Scalia, um, explained
There were two op-eds in the Star Tribune on July 3rd, purporting to unpack Supreme Court Justice Antonin Scalia’s thinking. One is by Cass Sunstein, and the other is by Noah Feldman. They’re both professors at the Harvard Law School. I am sure the professors are much more familiar with the oeuvre of the longest sitting Supreme Court Justice than I am, but I am reminded of the defense a parent or sibling sometimes mounts on behalf of a child — because you have to. Scalia, of course, in a Harvard grad.
But there were a few things that seemed — maybe just to an untutored plebeian such as myself — well, not exactly right. First, here’s Sunstein:
Perhaps [Scalia’s] central goal has been to promote the rule of law, which (as he contended in an important essay in 1989) is “a law of rules.” He seeks to increase predictability. He favors general rules, not case-by-case judgments.

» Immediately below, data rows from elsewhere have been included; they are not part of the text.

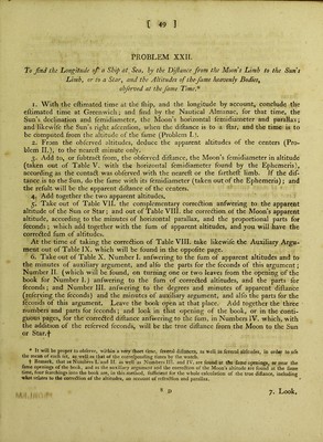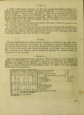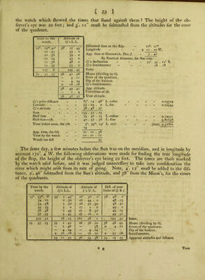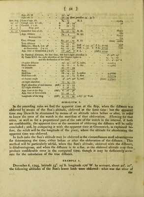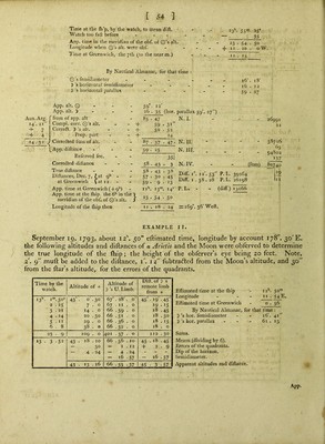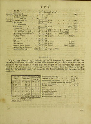 ![Time at the (h*p, by the watch, to mean dift. Watch too fa ft before - - - App. time in the meridian of the obf. of O’s alt. Longitude when O’s alt. were obf. I'ime at Greenwich, the yth (to the near m.) 23!*, 55™. 2S‘ 35 23 • 54 . 50 11 . 20 . 0 11 . ■ 15 By Nautical Almanac, for that time : Q's femidiameter - - J) ’s horizontal femidiameter - . _ i) ’s horizontal parallax . . _ i6'. 18' l6 . 12 59 • 27 Aux.Arg. 14.2t + 7 _+ 4 14.32 App. alt. O App. alt. >  Suna of app. alt Compl. corr. Q’s alt. Correft. 5’s alt. Prop, part Corredted fura of alt. + + + App. dlftance - - . Refcrved fee. Corredted difiance _ . _ True diftance _ - _ Difiances, Dec. 7, / at Q** - at Greenwich \at12 App. time at Greenwich (-|-9'’) App. time at the fliip, the in the) meridian of the obf. of O’s alt. J Longitude of the fliip then 59 • 12 26 ■ 35 (hor. parallax 59'. 27) 85 . 47 N. I. 47 59 50 31 52 24 87 . 37 . 47- 59 • 25 35l 58. ■ 43 . 3 58 . 43 . 38 57 . 30 . 45 59 • 9 • 13 ii\ 13™. 14= 23 . 54 • 50 ] I . , 18 . 24 N. II: N. Ill, N. IV. (fum) DifF. Diff. 12.53 38 . 28 P. L. - P. L. 39264 P. L7 26198 (diff.) 13066 2^169°. 36'Weft. 26991 21 58726 63' 94S02 137 80740 ll I EXAMPLE II. September ig, 1793, about 30” eftlmated time, longitude by account 178°. 30'E. tbe following altitudes and diftances of a Arietis and the Moon were obferved to determine the true longitude of the ftiip ; the height of the obferver’s eye being 20 feet. Note, 2. g' muft be added to the diftance, i^ 1%' fubtradted from the Moon’s altitude, and 30 from the ftar’s altitude, for the errors of the quadrants. Eflimated time at tbe (hip - 12'“. 50™ Longitude - - - 11 . 54^» Eftimated time at Greenwich - o . 5.6 By Nautical Almanac, for that tirne : I) ’s hor. femidiameter - - 16', 41 D’s hor, parallax - - 61 . 13. Sums. Means (dividing by 6). Errors of the quadrants. Dip of the horizon. Semidiameter. Apparent altitudes and diftance. Time by the watch. Altitude of * Altitude of j) 's U.Limb. Dift. of ]) s remote limb from * 13''. I” .50' 43° 0' •30 67° . 28' . o' 45 ’.19' -.45 2 25 7 . 0 67 . II • 0 19 . IS 3 . 21 14 . 0 66 •59 . 0 18 •45 4 . 14 20 •50 66 .51 . 0 18 •30 5 . 11 29 . 0 66 • 36 , 0 18 • 15 6 . 8 38 . 0 66 •32 . 0 - 18 . 0 23 • 9 109 . 0 401 • 37 . 0 112 •30 13 • 3 •52 43 18 . 10 66 •56 10 45 . 18 •45 — 30 — I 12 + 2 • 9 — 4 24 — 4 24 - - - — 16 •57 — 16 •57 43 13 16 66 ■33 •37 45 • 3 •57](https://iiif.wellcomecollection.org/image/b22007659_0672.jp2/full/800%2C/0/default.jpg)
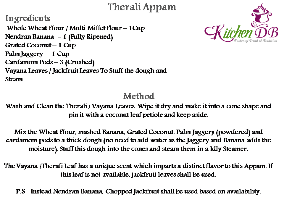 Whenever I visit, I ensure that I learn some new recipes from them. This time it is a steamed delicacy that is made using the fresh Vayana Leaves / Therali Leaves (Similar to Bay Leaf in shape and flavor, but bigger in size). It is easy to make the recipe with the goodness of Wheat Flour along with Nendran Banana / Jackfruit. Thanks to Krishnan Uncle and Indira Mami who patiently demonstrated me the making of this delicious and healthy Appam.
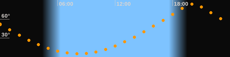 | Höchster Stand (Kulmination) | 20:08 Uhr (h = 83,9°) |

In his view, such rules simplify life for ordinary people and the legal system. They also reduce the danger that political preferences will dominate judicial decisions.
This is a fairly garden-variety case for stare decisis. But it’s a laugher when applied to Scalia. The case that first came to mind in this context is Scalia’s opinion in District of Columbia v. Heller which held, well, let’s get it from the Court’s syllabus:
The Second Amendment protects an individual right to possess a firearm unconnected with service in a militia, and to use that arm for traditionally lawful purposes, such as self-defense within the home.

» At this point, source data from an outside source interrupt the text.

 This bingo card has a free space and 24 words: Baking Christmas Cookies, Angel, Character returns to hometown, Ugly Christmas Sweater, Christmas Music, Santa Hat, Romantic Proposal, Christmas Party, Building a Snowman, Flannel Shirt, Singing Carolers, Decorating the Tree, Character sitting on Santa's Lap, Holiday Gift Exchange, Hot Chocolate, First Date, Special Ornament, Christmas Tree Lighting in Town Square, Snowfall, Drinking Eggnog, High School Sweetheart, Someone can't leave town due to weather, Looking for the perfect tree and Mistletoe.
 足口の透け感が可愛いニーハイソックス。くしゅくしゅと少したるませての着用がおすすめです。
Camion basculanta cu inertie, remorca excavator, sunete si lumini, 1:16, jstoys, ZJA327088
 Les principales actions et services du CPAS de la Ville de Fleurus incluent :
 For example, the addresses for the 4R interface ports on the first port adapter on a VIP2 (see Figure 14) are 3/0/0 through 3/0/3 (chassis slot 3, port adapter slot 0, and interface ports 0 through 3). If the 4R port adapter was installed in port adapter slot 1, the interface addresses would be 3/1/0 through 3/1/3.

Here’s the text of the Second Amendment:
A well regulated militia, being necessary to the security of a free state, the right of the people to keep and bear arms, shall not be infringed.
And after many, many decades of jurisprudence to the contrary, son of a gun, it took Tony Scalia in 2008 to figure out that the predicate language was meaningless. Scalia channels the framers of the constitution regularly, I guess.
And then there is this:
As an “originalist,” Scalia believes that provisions of the Constitution mean what they meant at the time that they were ratified. [emphasis added] He thinks that originalism increases predictability and ensures the sovereignty of We the People. The meaning of constitutional provisions is a question of history, not morality.
Except when they don’t, apparently. But Scalia was certainly original when he found this new right that lay undiscovered since ratification of the Constitution, or maybe the ratification of the 14th Amendment, as applied to the states.
There has been a lot of ink spilled over this issue since 2008, and I don’t intend to rehash it, save to say that Scalia doesn’t pay as much attention to the bare language of the Constitution as Sunstein suggests, especially when it suits him, and he’s plenty result oriented, too, when you get right down to it.
That is what the uproar over Scalia’s contradictory opinions in the affirmative action and voting rights cases, on the one hand, and DOMA decision dissent, on the other, is all about. But really, they aren’t contradictory at all, if you’re looking for the conservative result.
Professor Feldman writes:
Scalia is a unique figure on the bench, saying things other justices don’t even think. As a law professor, I couldn’t do without him, and I love hearing him articulate the most extreme positions with implacable logic and a total lack of filter.
Yes, Professor, he’s a gas, all right! It must really be funny when he and Thomas tell fart jokes in conference, especially in front of the ladies. Oh, to be a fly on the wall in there!
But there are a lot of us who don’t care much for bully-boy jurisprudence by the senior jurist in the United States. A smart jerk is, after all, still a jerk.